** The data follows **
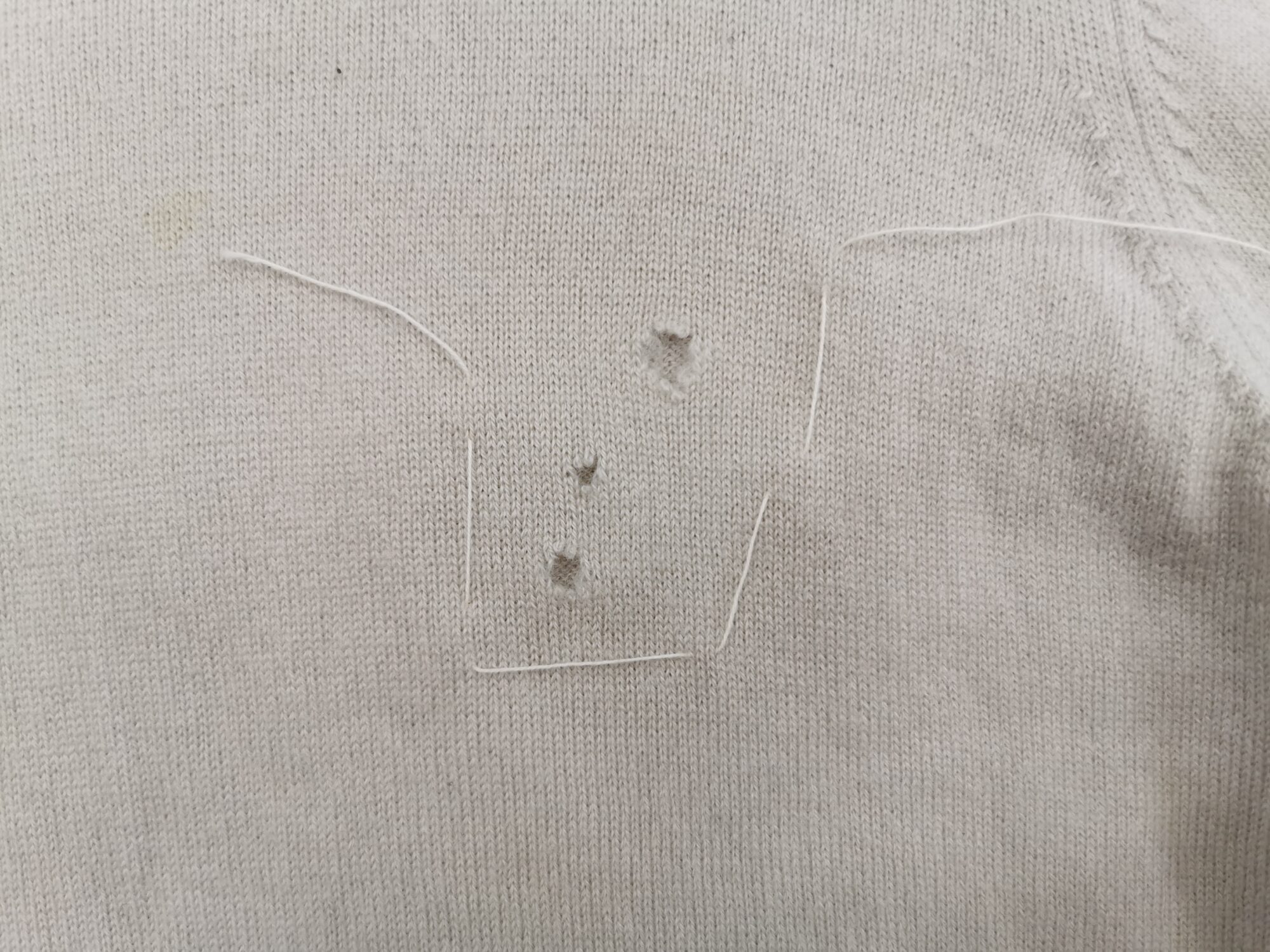 カシミアニット(身頃に複数の虫食い穴(淡い色)
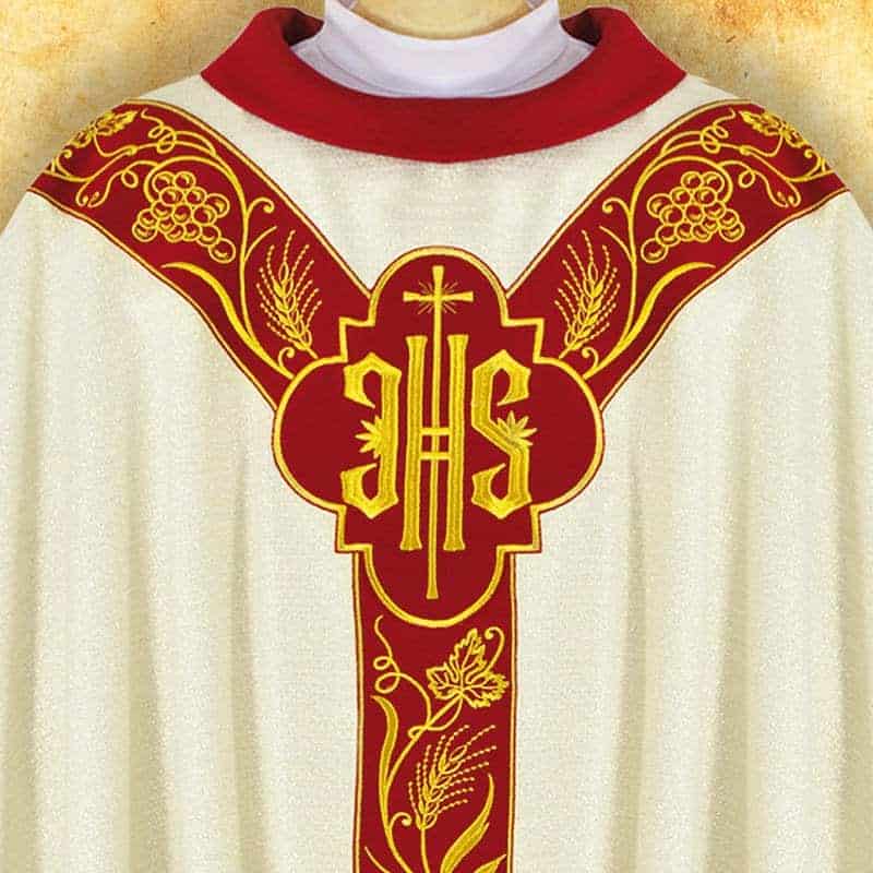 La casula è decorata con un’applicazione ricamata IHS – simbolo del nome di Gesù Cristo, esprimente fede e devozione.
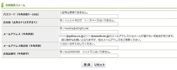 パスワード(半角英数5~16桁):password 密碼(半形的英文和數字5~16碼)
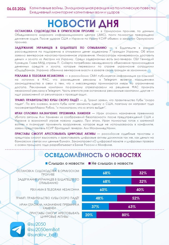06.03.2026 🔹 Большинство опрошенных (67%) находятся в спокойном состоянии. Усталость отметили 17%, бодрость — 8%, а нервозность остается на минимальном уровне (4%). 🔹 Осведомленность о новостях этого дня заметно выше среднего уровня. Наиболее известными (68% респондентов слышали) оказались сразу две новости: о почти полной остановке судоходства в Ормузском проливе, а также о том, что в рамках расследования по подозрению в отмывании денег в Будапеште задержаны 7 граждан Украины на инкассаторском автомобиле. Наименее известным (только 20% были осведомлены) стало сообщение о том, что ЦБ и Минфин подготовили законопроект, который позволит судебным приставам и кредиторам взыскивать и арестовывать цифровые активы должников наравне с деньгами на банковских счетах и ценными бумагами. 🔹 Ярко выраженный негативный отклик вызвало сообщение о заявлении Трампа, что правительство Кубы "скоро падет". Только 40% читателей отнеслись к сообщению нейтрально и в основном «ждут развития событий». Ост
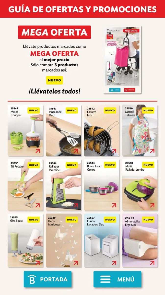 ¿Sabías que con la compra de tres productos de tu catálogo Betterware, puedes llevar algunos con un estupendo descuento? Descubre los precios de artículos como la “Mesita Smart”, el “Asiento Memory Confort” o los Practimuebles como el “Happy Carrito” o la “Eco Repisa Esquinera” desde la página 3 a la 8 de esta revista.
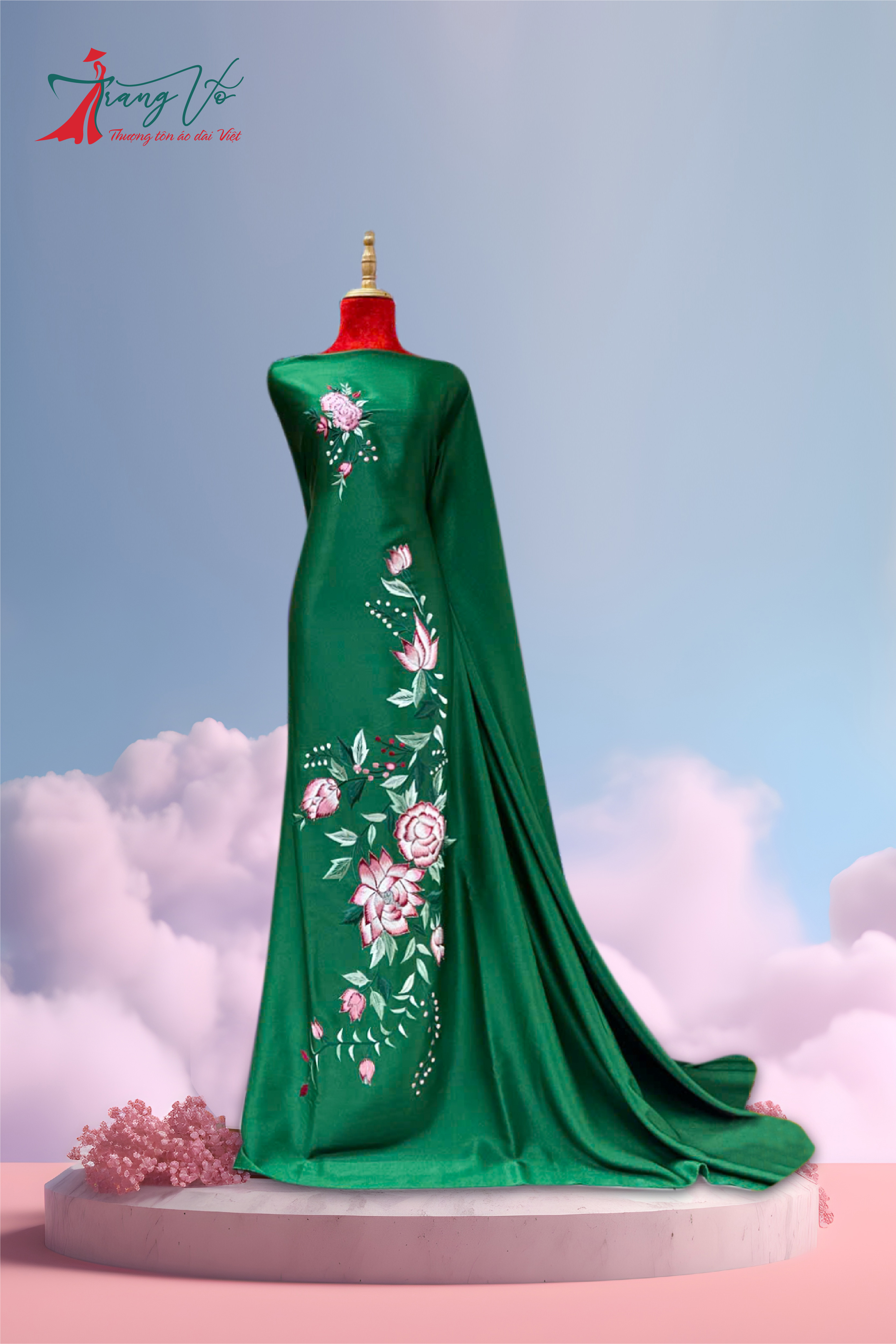 NHUNG TUYẾT THÊU HOA CÁCH ĐIỆU KẾT PHA LÊ XANH RÊU #02112403
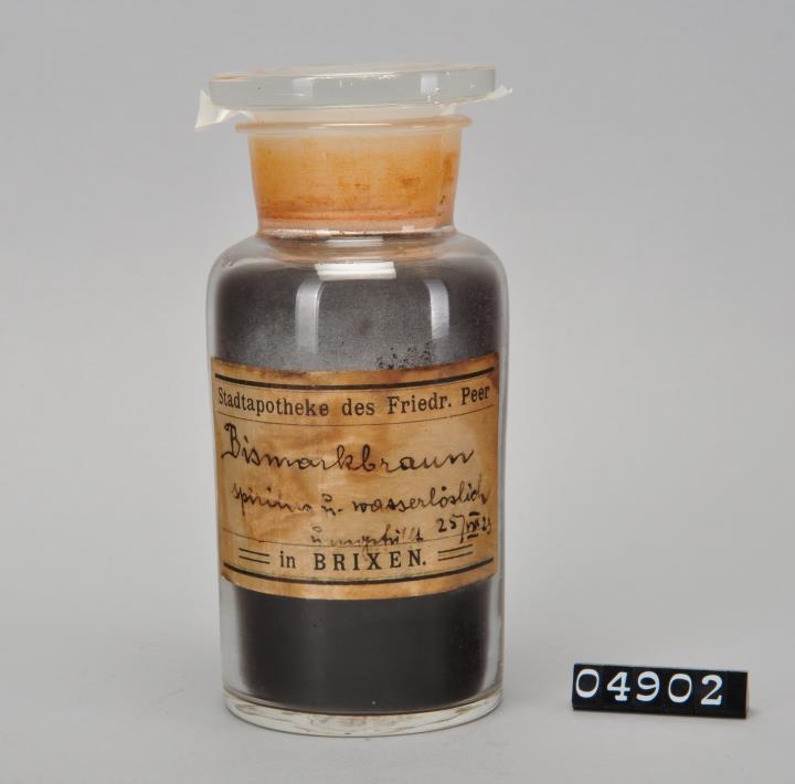 Farbloses zylinderförmiges Weithalsglas mit flacher Schulter. Schliffstopfen. Gepresst, Boden leicht eingewölbt. Signiert: "Bismarkbraun". Umgefüllt am 25.8.1923. Mit Inhalt.
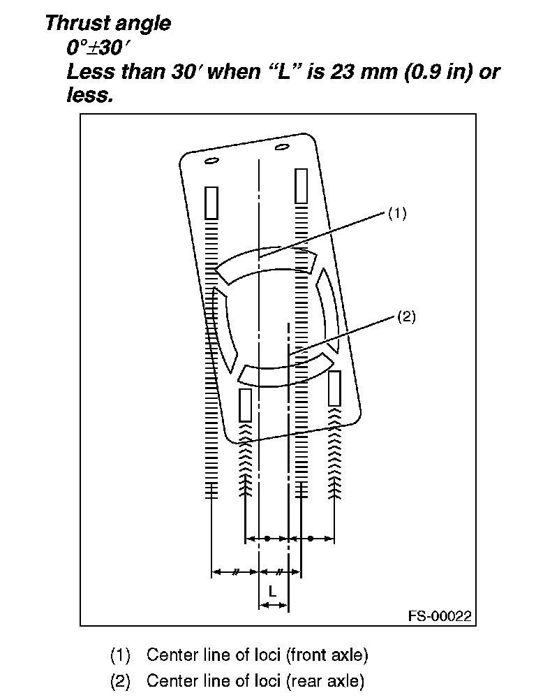 Thrust angle is a mean value of left and right wheel toe angles in relation to the vehicle body center line. Vehicle is driven straight in the thrust angle direction while slanting in the oblique direction depending on the degree of the mean thrust angle.
** End of The data **
**Assignment**
An acceptable answer consists of the lines above from the one holding "de esta revista." to the end of the data, repeated exactly and containing no pictures.

**Response to this task**
 ¿Sabías que con la compra de tres productos de tu catálogo Betterware, puedes llevar algunos con un estupendo descuento? Descubre los precios de artículos como la “Mesita Smart”, el “Asiento Memory Confort” o los Practimuebles como el “Happy Carrito” o la “Eco Repisa Esquinera” desde la página 3 a la 8 de esta revista.
 NHUNG TUYẾT THÊU HOA CÁCH ĐIỆU KẾT PHA LÊ XANH RÊU #02112403
 Farbloses zylinderförmiges Weithalsglas mit flacher Schulter. Schliffstopfen. Gepresst, Boden leicht eingewölbt. Signiert: "Bismarkbraun". Umgefüllt am 25.8.1923. Mit Inhalt.
 Thrust angle is a mean value of left and right wheel toe angles in relation to the vehicle body center line. Vehicle is driven straight in the thrust angle direction while slanting in the oblique direction depending on the degree of the mean thrust angle.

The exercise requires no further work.